Friday, March 28, 2014

Police and the Criminal Court

We are attempting to turn the police against the courts, or at least to make the police realize that they are not within a common system with the courts, a system known as 'law-enforcement.' We start from the belief that it is the police which is the better organ, more justly in service of society, but the courts put it into a lot of troublesome scenarios. We must not take the relationship between the police and the courts for granted, meaning that we must not assume that both originated together and are in fact a part of same law-enforcement system. It is only today that the police and the courts have been so close to one another. In this relationship, the police has always come out secondary. It always seems that it is the police which is borrowing from the courts the terminology and tactic in how it should do its work. One consequence is how rigid the police system seems, the level of policing seems, today overburdened by its own call for discipline...its disciplining of another is often turned upon itself to become an act of self-discipline. The courts themselves have more flexibility, and seem to treat the law as something which is blurry in conception and in their execution of it. The police being the chief authority, because of its guns and badges, is in fact an illusory assumption; the real authority are the courts, the lawyers, the judges.

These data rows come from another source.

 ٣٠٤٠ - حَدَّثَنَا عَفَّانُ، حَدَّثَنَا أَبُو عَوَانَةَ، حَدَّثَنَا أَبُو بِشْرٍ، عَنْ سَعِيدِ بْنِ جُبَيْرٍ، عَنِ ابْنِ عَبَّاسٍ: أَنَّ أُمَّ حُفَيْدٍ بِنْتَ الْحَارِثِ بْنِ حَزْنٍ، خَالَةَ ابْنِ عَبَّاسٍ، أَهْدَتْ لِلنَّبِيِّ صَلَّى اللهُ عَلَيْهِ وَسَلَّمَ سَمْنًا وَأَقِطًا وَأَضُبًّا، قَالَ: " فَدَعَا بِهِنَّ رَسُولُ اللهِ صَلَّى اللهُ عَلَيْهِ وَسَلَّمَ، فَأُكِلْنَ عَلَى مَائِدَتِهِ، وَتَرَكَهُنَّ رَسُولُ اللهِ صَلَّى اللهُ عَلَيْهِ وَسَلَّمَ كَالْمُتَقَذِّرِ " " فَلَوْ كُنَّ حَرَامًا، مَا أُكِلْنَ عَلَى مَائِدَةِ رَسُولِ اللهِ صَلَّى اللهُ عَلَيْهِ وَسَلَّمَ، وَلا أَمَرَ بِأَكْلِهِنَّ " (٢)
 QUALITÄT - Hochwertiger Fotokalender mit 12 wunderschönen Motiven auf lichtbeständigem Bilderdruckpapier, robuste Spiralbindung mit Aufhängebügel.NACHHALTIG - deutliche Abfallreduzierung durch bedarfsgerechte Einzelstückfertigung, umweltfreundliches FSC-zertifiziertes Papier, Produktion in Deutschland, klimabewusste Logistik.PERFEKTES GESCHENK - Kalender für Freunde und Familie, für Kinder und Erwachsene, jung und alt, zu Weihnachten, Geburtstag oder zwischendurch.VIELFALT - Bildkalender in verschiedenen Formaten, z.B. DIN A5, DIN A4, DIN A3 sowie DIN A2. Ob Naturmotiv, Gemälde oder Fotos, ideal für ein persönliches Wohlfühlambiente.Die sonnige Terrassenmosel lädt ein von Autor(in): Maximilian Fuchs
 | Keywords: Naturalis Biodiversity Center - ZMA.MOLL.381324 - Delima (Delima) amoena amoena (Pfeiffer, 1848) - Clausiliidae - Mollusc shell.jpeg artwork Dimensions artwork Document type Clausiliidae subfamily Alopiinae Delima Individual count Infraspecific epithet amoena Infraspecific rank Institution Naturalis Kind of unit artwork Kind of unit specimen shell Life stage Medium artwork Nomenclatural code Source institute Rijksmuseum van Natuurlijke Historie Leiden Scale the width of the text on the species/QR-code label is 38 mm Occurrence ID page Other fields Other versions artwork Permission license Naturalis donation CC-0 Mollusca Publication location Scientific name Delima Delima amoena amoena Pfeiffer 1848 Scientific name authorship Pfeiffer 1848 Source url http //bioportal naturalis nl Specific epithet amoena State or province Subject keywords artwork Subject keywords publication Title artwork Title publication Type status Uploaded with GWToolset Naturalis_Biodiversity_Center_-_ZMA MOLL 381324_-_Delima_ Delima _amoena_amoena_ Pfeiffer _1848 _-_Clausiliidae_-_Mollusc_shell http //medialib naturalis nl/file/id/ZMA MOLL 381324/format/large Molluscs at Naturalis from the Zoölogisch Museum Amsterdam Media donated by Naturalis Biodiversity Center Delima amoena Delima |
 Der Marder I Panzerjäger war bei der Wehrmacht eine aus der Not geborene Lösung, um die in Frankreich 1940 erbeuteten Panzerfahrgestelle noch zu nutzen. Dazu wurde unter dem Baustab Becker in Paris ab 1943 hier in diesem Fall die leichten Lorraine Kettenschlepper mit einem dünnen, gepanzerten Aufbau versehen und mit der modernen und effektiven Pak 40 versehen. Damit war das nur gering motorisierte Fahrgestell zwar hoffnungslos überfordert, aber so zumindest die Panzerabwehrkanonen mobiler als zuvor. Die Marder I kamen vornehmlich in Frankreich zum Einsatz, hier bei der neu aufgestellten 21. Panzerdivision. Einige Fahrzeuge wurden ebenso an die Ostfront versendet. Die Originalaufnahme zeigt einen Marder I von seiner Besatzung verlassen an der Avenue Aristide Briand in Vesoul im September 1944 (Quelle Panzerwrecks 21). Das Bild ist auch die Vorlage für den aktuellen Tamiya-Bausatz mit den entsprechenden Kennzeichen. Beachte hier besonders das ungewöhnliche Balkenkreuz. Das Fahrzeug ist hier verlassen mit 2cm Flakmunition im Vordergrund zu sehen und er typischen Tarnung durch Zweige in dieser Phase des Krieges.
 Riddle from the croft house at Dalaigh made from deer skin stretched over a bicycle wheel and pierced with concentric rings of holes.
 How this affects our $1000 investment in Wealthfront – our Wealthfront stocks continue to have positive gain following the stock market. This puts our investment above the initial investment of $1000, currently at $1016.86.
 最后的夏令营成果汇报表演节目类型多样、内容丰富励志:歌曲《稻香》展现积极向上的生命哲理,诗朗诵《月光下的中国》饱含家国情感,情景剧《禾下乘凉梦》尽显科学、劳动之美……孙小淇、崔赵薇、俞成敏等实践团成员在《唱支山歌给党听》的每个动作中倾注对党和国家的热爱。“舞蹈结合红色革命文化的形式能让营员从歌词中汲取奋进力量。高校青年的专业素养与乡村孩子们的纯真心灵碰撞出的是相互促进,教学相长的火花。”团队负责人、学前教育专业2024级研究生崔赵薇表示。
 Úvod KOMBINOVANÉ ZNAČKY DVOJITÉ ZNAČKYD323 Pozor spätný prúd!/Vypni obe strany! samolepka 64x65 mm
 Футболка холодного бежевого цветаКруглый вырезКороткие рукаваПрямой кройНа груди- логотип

There are many concrete manifestations of the influence of the courts upon the police. The courts have a freedom of shaping the criminal. “The suspect was too violent” the courts may assert, and in the subsequent pursuit of suspected murderers, the police focuses on those which are “too violent”. In the character sketch of the criminal, the courts point to those traits of the criminal that selectively make some things sound more problematic over others; the criminal is made in the court and then found in the street by the police. The police understands what to look for depending on what the lawyer speaks, the lawyer who has private agendas, who has political agendas, who has biases...And borrowing from the courts, in the police's job too the issue becomes less to do with the truth and more to do with the more convincing argument. And the first step here is the intellectualization of the police, the making of the police into an enforcer of law. In this and many other ways, the courts influence the police in the process of criminalization. And what is the issue? Precisely that the private lawyer dominates the court, and therefore what is meant for public service is in fact for the private good. With its influence to the police force, the courts manage to steer what is supposed to be purely for the public/social good towards private agendas. The police finds inspiration from the courts in many ways: the treatment of the criminal in the courts, the way he is judged, the scenarios which are highlighted around him, and the degree of punishment he gets as a form of justice all have direct influences on the police when he/she is on duty. The police is a silent observer in the courts; it is supposed to watch and learn about the process of making a criminal.

It is true that it is difficult to truly note the foreign influence upon the police force. The police force, by itself, seems to demonstrate a great distance from any type of foreign influence, and seems to be a national organ through and through. But the foreign influence is in the courts: through a law education abroad, through the study of Western ethics etc. It would be fine if only the influence was foreign, but, in the contact points between the police force and the courts, there is often direct foreign intervention. Where the foreign law and the domestic police meet, where they have their most meaningful and productive contact is indeed obvious: it is nothing other than the prison. We must not consider the prison to be a backward place, a place that seamlessly integrates with the rest of Nepal in its lack of development...rather, the prison is a place of advanced knowledge, intelligent subjects, and a place with the continuous monitoring from foreign interests. The prison is not under the authority of the police, it seems so only because such an image has been crafted. Rather, the courts too have their presence in the prison, and their influence in the prison is quite deep. It is these courts that may facilitate the conversion of a prison into a mass prison system, and the criminalization of the population is already underway here. This mass imprisonment is possible thanks to the lawyers' equation between words “reckless,” “undisciplined” and others which the police is then allowed to associate with its suspects.